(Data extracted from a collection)
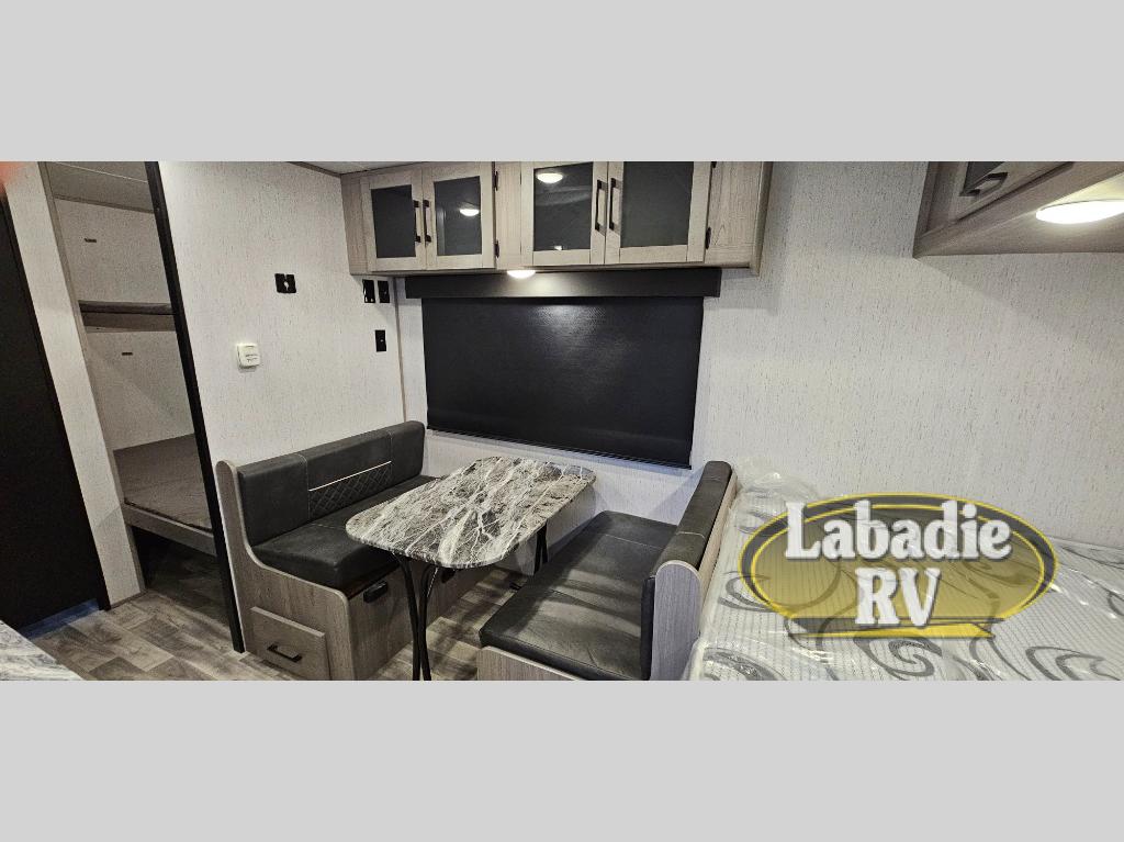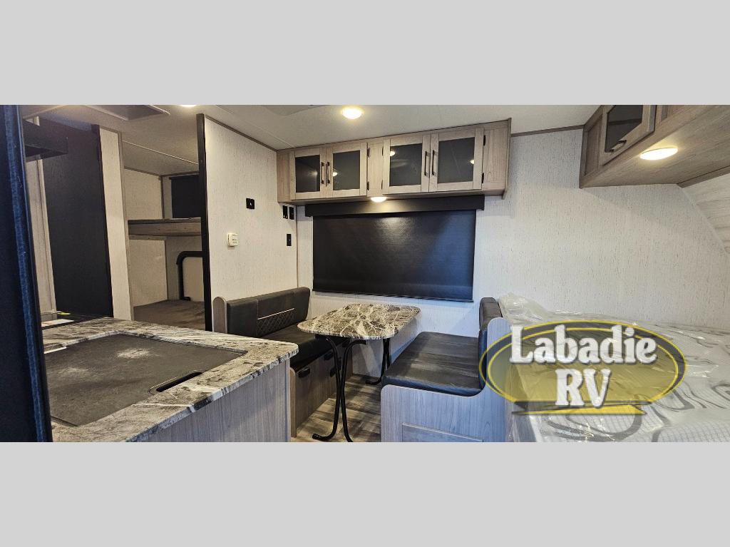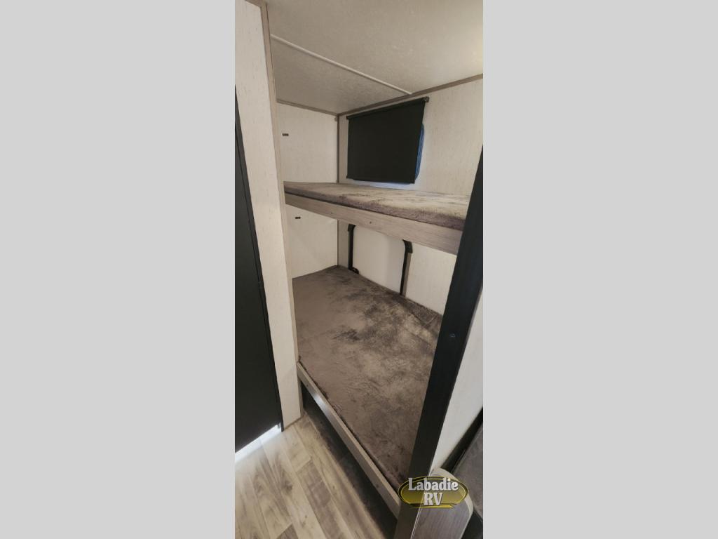 The whole gang will enjoy camping in this travel trailer! The kiddos or guests can sleep on the set of bunk beds and you can sleep on the front queen bed. After you prepare your best home cooked meals with the two burner range with a glass cover, you can head to the booth dinette to eat it. The booth dinette has an indoor/outdoor table for added versatility. Everyone will stay clean and fresh in the rear corner bathroom and the skylight above the shower will provide extra natural lighting as you get ready in the mornings. The exterior pass-through storage area is big enough for you to store all of your outdoor gear so you don't need to leave any behind!
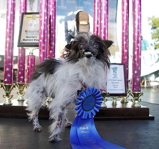 Nedidelis šuo mišrūnas, vardu Riešutas, Kalifornijoje, Petalumoje, vykusiame konkurse laimėjo baisiausio pasaulyje šuns titulą. Jam teko nurungti ne vieną konkurentą, bet galiausiai tapęs laimėtoju su šeimininke Hole Čandler jis iškeliavo namo. Vieni šunys buvo pliki, kiti turėjo karpų, vienas netgi neturėjo nosies. Dauguma šunų buvo dabartinių šeimininkų paimti iš prieglaudų.
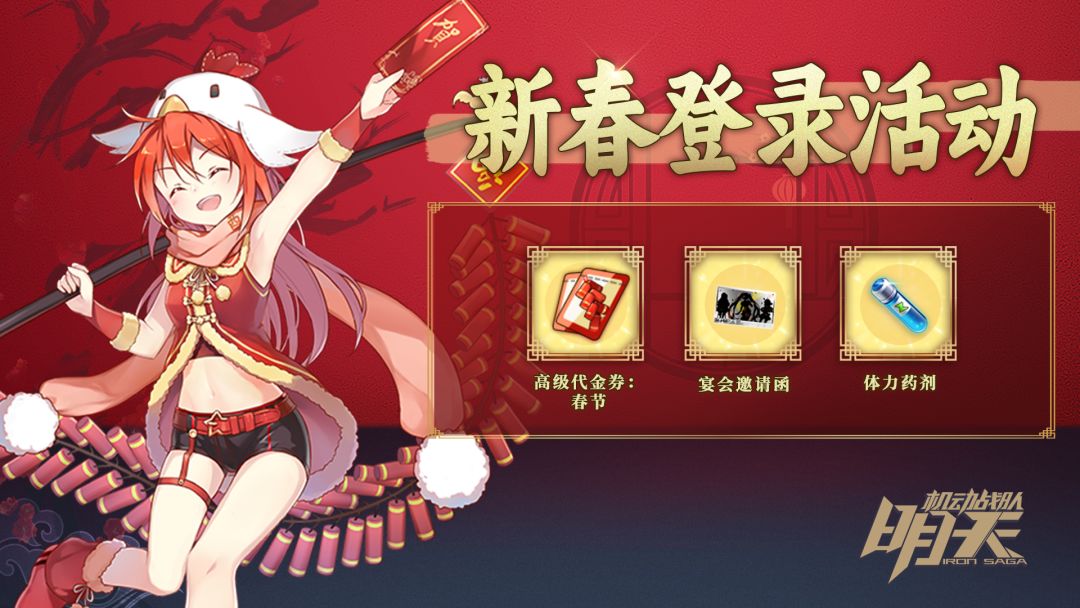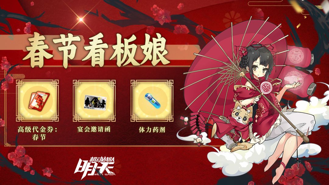 活动期间,指挥官可登录游戏领取假日看板娘福利。奖励内容:【高级代金券:春节】*5、宴会邀请函*5、体力药剂*10。
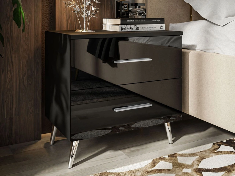 Stolik nocny glamour z szufladą i srebrnymi nogami Brisa czarny połysk
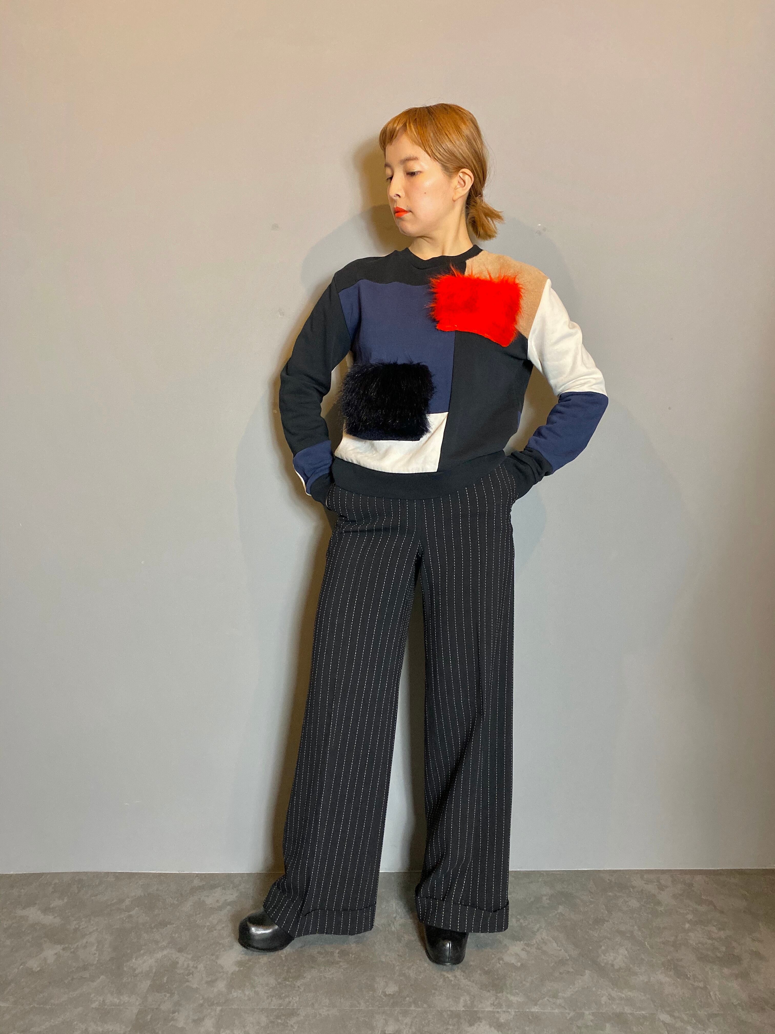 目の覚めるようなユニークなカラーミックス、ファーがまるでアートのようにデザインされたMSGMのスゥェットトレーナー。
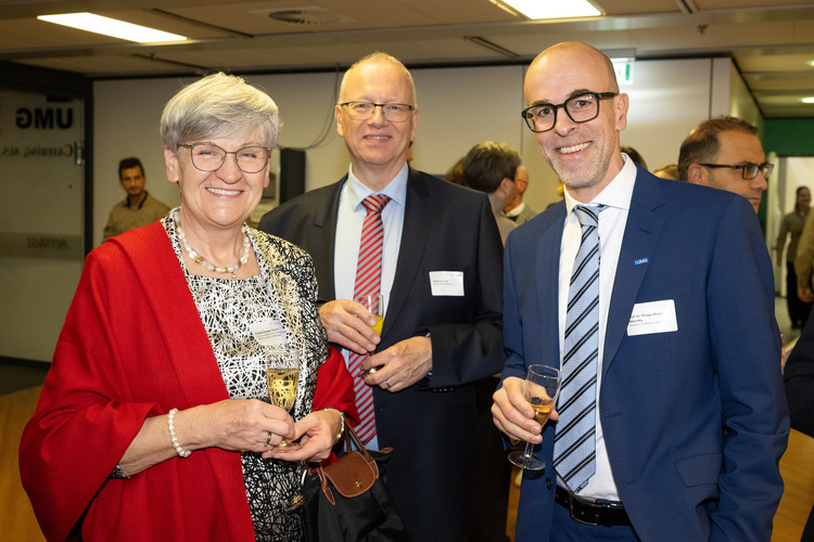 Mit einem Blick auf UMG-Themen des Jahres 2025 eröffnete Prof. Brück den Abend. Die aktuellen und anstehenden Bautätigkeiten an der Robert-Koch-Straße waren dabei natürlich zuerst zu benennen. Für die Baustufe 1, das zukünftige „NIKO“ (Notaufnahme, Intensivmedizin, Krankenpflege, Operationszentrum), liegen die Arbeiten voll im Zeitplan, die Übergabe an die UMG wird für 2029 erwartet. Die demgegenüber etwas kleinere Baustufe 2, das Eltern-Kind-Zentrum „ELKI“ befindet sich in Planung und soll 2030 übergeben werden. Auch im Hinblick auf das ELKI zeigte sich Brück zuversichtlich, dass der anvisierte Zeit- und Kostenplan gehalten werden kann.
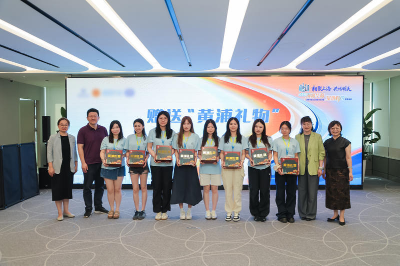 随后,是授旗环节。当华裔青年团员代表龚依龄、韩佳霖、林铭怡、王蘅月、张培培、章子琳、陈以铭、王佳琪接过绣有“海外华裔青年学生实习团”字样的旗帜时,象征着这场文化寻根与职业实践的双重旅程正式启航。为进一步提升老字号文化、海派文化国际传播力,上海市黄浦区还向青年赠送了富有上海特色的“黄浦礼物”。

▸ **EXERCISE PROMPT**:
The entries are to be written out in full and exactly, apart from the pictures.

▸ **ANSWER FOR THIS EXERCISE**:
 The whole gang will enjoy camping in this travel trailer! The kiddos or guests can sleep on the set of bunk beds and you can sleep on the front queen bed. After you prepare your best home cooked meals with the two burner range with a glass cover, you can head to the booth dinette to eat it. The booth dinette has an indoor/outdoor table for added versatility. Everyone will stay clean and fresh in the rear corner bathroom and the skylight above the shower will provide extra natural lighting as you get ready in the mornings. The exterior pass-through storage area is big enough for you to store all of your outdoor gear so you don't need to leave any behind!
 Nedidelis šuo mišrūnas, vardu Riešutas, Kalifornijoje, Petalumoje, vykusiame konkurse laimėjo baisiausio pasaulyje šuns titulą. Jam teko nurungti ne vieną konkurentą, bet galiausiai tapęs laimėtoju su šeimininke Hole Čandler jis iškeliavo namo. Vieni šunys buvo pliki, kiti turėjo karpų, vienas netgi neturėjo nosies. Dauguma šunų buvo dabartinių šeimininkų paimti iš prieglaudų.
 活动期间,指挥官可登录游戏领取假日看板娘福利。奖励内容:【高级代金券:春节】*5、宴会邀请函*5、体力药剂*10。
 Stolik nocny glamour z szufladą i srebrnymi nogami Brisa czarny połysk
 目の覚めるようなユニークなカラーミックス、ファーがまるでアートのようにデザインされたMSGMのスゥェットトレーナー。
 Mit einem Blick auf UMG-Themen des Jahres 2025 eröffnete Prof. Brück den Abend. Die aktuellen und anstehenden Bautätigkeiten an der Robert-Koch-Straße waren dabei natürlich zuerst zu benennen. Für die Baustufe 1, das zukünftige „NIKO“ (Notaufnahme, Intensivmedizin, Krankenpflege, Operationszentrum), liegen die Arbeiten voll im Zeitplan, die Übergabe an die UMG wird für 2029 erwartet. Die demgegenüber etwas kleinere Baustufe 2, das Eltern-Kind-Zentrum „ELKI“ befindet sich in Planung und soll 2030 übergeben werden. Auch im Hinblick auf das ELKI zeigte sich Brück zuversichtlich, dass der anvisierte Zeit- und Kostenplan gehalten werden kann.
 随后,是授旗环节。当华裔青年团员代表龚依龄、韩佳霖、林铭怡、王蘅月、张培培、章子琳、陈以铭、王佳琪接过绣有“海外华裔青年学生实习团”字样的旗帜时,象征着这场文化寻根与职业实践的双重旅程正式启航。为进一步提升老字号文化、海派文化国际传播力,上海市黄浦区还向青年赠送了富有上海特色的“黄浦礼物”。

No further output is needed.